* [Task item]
Go to the line that contains "Leopard print Greyhound" and transcribe from there to the end of the entries, that line and the last one included.

* [Data to process]

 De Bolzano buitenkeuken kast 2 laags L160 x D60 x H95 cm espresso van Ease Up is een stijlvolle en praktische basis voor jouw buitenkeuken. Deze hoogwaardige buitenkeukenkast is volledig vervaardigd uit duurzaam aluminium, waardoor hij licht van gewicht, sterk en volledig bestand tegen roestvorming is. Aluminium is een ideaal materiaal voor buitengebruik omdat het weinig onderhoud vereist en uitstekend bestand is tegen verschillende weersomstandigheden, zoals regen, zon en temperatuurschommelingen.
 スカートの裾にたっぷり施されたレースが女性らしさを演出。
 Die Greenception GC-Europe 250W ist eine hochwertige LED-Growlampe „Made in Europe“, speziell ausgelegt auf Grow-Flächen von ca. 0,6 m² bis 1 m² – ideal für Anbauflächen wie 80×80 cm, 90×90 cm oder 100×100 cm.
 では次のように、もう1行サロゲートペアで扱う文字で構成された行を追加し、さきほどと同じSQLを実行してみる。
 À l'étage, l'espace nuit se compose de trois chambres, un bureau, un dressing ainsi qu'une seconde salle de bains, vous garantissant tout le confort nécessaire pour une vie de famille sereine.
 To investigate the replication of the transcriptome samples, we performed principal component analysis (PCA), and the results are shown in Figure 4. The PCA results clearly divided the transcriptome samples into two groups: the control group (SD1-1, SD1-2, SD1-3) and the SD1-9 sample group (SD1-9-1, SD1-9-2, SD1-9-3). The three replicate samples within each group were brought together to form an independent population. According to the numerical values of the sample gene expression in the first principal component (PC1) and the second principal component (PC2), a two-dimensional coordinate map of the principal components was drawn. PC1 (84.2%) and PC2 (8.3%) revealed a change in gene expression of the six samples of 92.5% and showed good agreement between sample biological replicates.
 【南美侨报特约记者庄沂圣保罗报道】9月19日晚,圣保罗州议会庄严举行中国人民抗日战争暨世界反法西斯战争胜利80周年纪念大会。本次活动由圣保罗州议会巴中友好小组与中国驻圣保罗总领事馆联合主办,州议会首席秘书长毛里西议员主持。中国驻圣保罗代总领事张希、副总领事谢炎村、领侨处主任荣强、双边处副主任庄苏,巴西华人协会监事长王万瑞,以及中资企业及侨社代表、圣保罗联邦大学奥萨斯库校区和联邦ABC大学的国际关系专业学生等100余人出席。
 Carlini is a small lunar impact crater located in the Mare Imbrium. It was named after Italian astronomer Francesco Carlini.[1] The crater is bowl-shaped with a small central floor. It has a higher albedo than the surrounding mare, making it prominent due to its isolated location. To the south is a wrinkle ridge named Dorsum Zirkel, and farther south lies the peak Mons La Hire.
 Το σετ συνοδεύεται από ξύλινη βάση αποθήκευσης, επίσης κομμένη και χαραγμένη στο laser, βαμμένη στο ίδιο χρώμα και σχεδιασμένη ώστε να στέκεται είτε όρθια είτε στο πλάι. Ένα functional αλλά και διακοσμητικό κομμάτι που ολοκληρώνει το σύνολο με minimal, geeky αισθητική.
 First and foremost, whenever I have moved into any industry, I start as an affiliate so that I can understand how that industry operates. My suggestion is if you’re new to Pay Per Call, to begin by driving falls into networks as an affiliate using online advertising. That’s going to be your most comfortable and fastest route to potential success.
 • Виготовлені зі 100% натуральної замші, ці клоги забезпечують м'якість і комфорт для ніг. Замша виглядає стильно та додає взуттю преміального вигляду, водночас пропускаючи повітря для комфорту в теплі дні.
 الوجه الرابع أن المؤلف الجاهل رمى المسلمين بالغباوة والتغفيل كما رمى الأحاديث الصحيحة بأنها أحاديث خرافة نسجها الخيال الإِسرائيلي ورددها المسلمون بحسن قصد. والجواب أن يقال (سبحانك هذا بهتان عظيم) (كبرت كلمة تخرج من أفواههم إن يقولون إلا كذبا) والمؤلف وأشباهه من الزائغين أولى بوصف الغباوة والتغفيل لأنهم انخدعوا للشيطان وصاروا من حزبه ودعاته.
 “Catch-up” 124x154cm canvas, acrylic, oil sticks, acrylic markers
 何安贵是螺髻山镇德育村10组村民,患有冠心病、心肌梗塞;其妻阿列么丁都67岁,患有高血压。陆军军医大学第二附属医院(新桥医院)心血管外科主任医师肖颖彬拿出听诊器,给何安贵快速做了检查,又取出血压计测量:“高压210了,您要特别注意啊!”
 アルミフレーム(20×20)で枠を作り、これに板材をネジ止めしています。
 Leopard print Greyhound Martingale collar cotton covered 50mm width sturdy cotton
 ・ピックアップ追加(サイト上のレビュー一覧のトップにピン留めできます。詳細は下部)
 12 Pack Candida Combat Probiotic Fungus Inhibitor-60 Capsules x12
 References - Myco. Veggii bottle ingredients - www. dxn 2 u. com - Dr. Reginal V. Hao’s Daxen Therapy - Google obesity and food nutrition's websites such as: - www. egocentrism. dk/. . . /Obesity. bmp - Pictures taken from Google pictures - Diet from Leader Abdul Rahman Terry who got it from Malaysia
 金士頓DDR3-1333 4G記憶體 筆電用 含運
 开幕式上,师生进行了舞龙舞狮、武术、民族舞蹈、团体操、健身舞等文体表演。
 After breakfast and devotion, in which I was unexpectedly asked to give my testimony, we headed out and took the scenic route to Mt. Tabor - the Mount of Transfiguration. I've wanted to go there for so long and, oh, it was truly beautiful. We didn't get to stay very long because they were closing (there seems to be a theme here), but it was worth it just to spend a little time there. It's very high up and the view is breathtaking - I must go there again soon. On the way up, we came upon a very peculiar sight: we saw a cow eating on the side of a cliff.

* [Task solution]
 Leopard print Greyhound Martingale collar cotton covered 50mm width sturdy cotton
 ・ピックアップ追加(サイト上のレビュー一覧のトップにピン留めできます。詳細は下部)
 12 Pack Candida Combat Probiotic Fungus Inhibitor-60 Capsules x12
 References - Myco. Veggii bottle ingredients - www. dxn 2 u. com - Dr. Reginal V. Hao’s Daxen Therapy - Google obesity and food nutrition's websites such as: - www. egocentrism. dk/. . . /Obesity. bmp - Pictures taken from Google pictures - Diet from Leader Abdul Rahman Terry who got it from Malaysia
 金士頓DDR3-1333 4G記憶體 筆電用 含運
 开幕式上,师生进行了舞龙舞狮、武术、民族舞蹈、团体操、健身舞等文体表演。
 After breakfast and devotion, in which I was unexpectedly asked to give my testimony, we headed out and took the scenic route to Mt. Tabor - the Mount of Transfiguration. I've wanted to go there for so long and, oh, it was truly beautiful. We didn't get to stay very long because they were closing (there seems to be a theme here), but it was worth it just to spend a little time there. It's very high up and the view is breathtaking - I must go there again soon. On the way up, we came upon a very peculiar sight: we saw a cow eating on the side of a cliff.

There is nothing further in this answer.